As a mix of ‘pureblood’ and ‘Mudblood’, Ron and Hermione’s romance can almost be described as a modern ‘Pride and Prejudice’; but I grew up idolising Hermione not because she was a ‘Mudblood’ or campaigner for S.P.E.W., but because this eleven year old character realised that friendship and bravery really do matter most. The relationship and ultimate marriage between Ron and Hermione isn’t a cultural lecture to lessen prejudice; I think that they typify that your lover should also be your best friend. And that is surely a lesson which many adults should take heed of.
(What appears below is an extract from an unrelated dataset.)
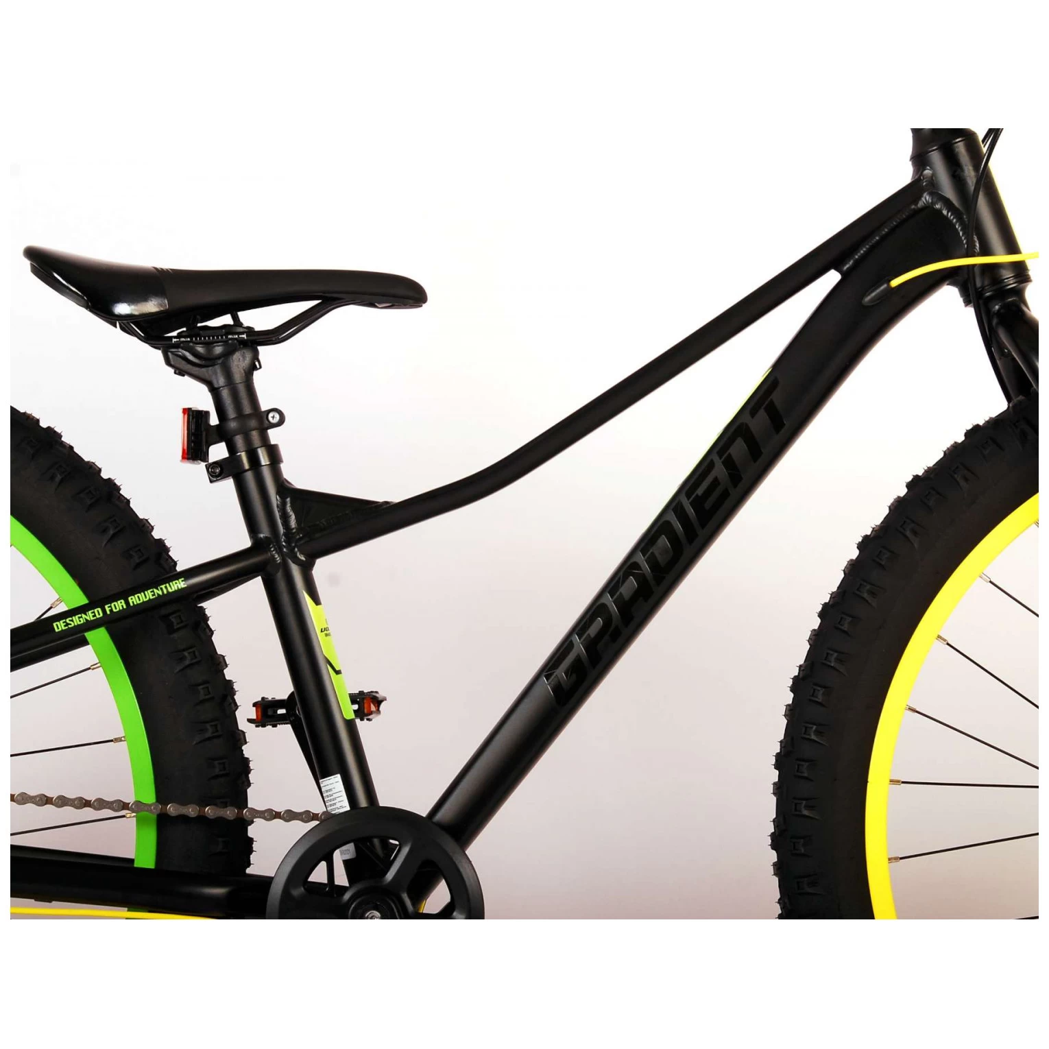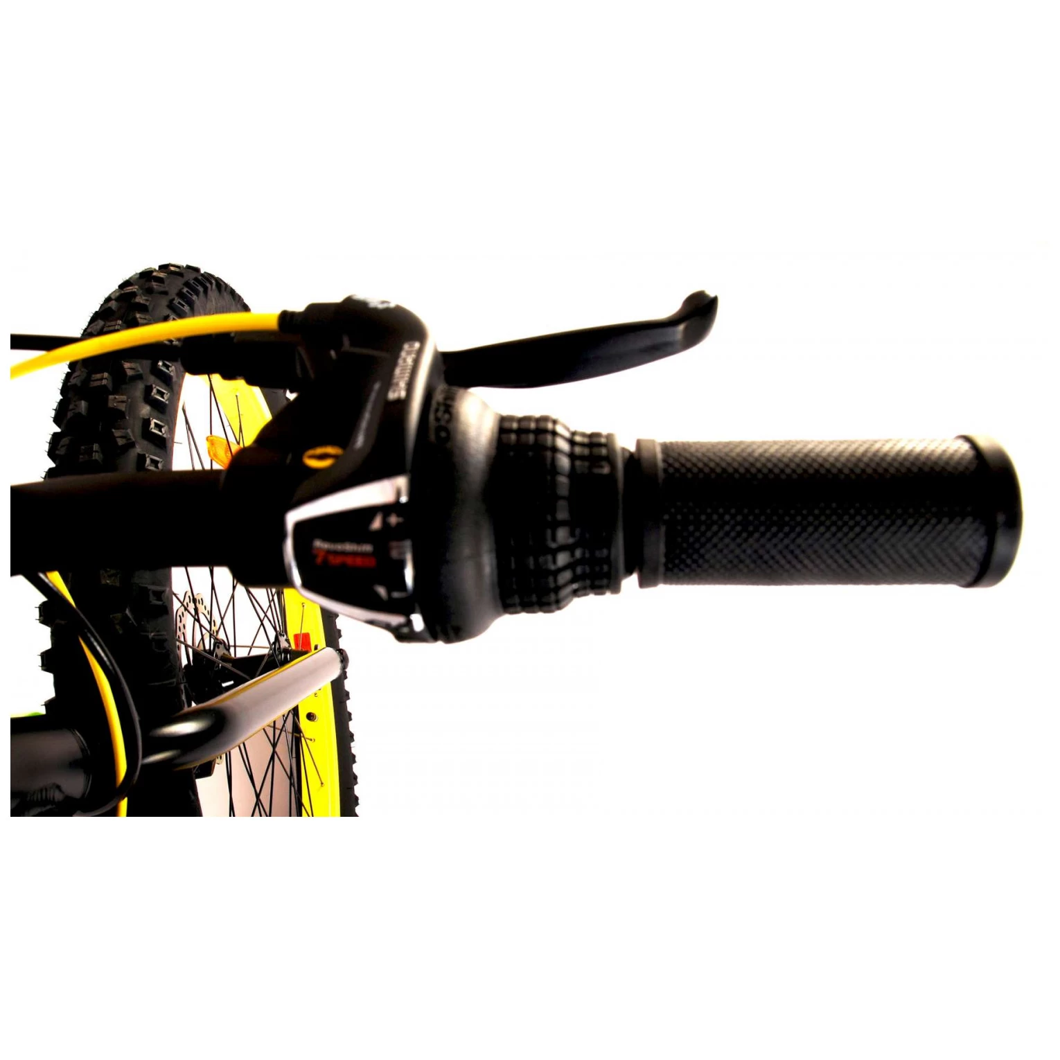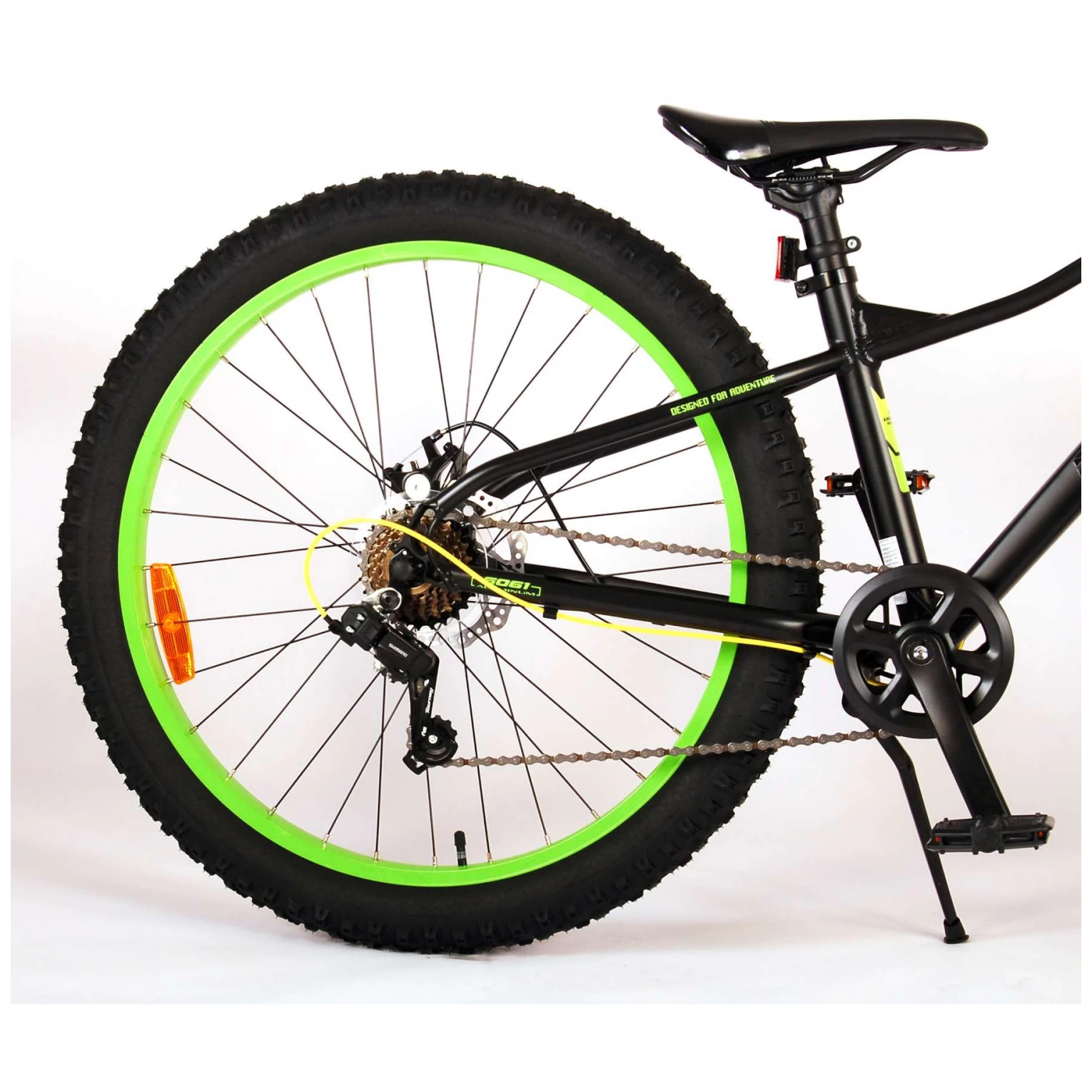 Volare Gradient 26 inch kinderfiets 7 speed. De Volare Gradient kinderfietsrange is van superieure kwaliteit. Het frame van deze fiets is gemaakt van ultra licht aluminium. Ook onderdelen zoals het stuur zijn uit aluminium vervaardigd. De verschillend gekleurde velgen geven het strakke design een bijzondere touch. Daarnaast heeft de fiets een aluminium smart control systeem, dat ervoor zorgt dat het stuur begrensd is (niet in hoogte verstelbaar) en om snelheid te verminderen heeft de fiets twee luxe schijfremmen/handremmen en heeft dus géén terugtraprem. Bovendien heeft de fiets 7 versnellingen. De handvaten zijn van Kraton, een heerlijk zacht rubber, waardoor deze lekkerder in de hand liggen en extra comfort bieden. Voor de veiligheid heeft de fiets reflectoren aan de voor- en achterkant en met de fietsbel kun je laten weten dat je de hoek om komt. Met het sterke aluminium standaard kun je je fiets gemakkelijk neerzetten. De 26 inch luchtbanden maken dat deze fiets geschikt is voor jongens tussen de 9 en 12 jaar oud met kledingmaat 140-152.

I’m not a scientist and I have no intention to undermine the research undertaken by Loris Vezzali and his colleagues. But as a Harry Potter fan, I think that the appeal it has to adults as well as children make it more about increasing empathy than reducing prejudice; these are unquestionably related but epitomised by Dobby. In ‘Harry Potter and the Chamber of Secrets’, he is marginalised. By the end of the series, he is a martyr. I cried when he died, not because Dobby was an elf, but because he proved a friend. The reason why I bring this up is because, in 2014, adults are more likely to have completed the series of books than those who are children now and who are, unfortunately, not part of the ‘Harry Potter generation’. Allegedly, university students find it hard to identify with Harry due to not being the same age as him- this is as ridiculous as reasoning it impossible to identify with Voldemort because he lacks the nose that the reader almost certainly does have. Of my friends who have read all of the Harry Potter books, the ones they have re-read the most are the sixth and seventh, which are focused on the death of Dumbledore. I didn’t cry when he died because he was or was not gay, but because his character and his words about happiness, bravery and loyalty have inter-generational resonance.
The applicability of his counsel to ‘pity the living, and, above all, those who live without love’ to Malfoy and Muggles alike, whether or not they suffer or advocate discrimination, makes Dumbledore a teacher for the world of real life. I recently read an article about a teenage girl from Texas whose entire family were murdered, but has found strength in the screenplay quote, ‘happiness can be found even in the darkest times if one only remembers to turn on the light’. I don’t think it’s unreasonable to call the Harry Potter series inspirational rather than educational. Ultimately, the study’s premise that Harry Potter can eradicate bigotry may be somewhat fantastical; and the survey’s limitation to children is, in my opinion, even more so. I believe that Rowling has as much to teach about friendship and fidelity to adults as it does to children. If Harry Potter can transfigure injustice into justice, then I’m not one to Quirrel with that.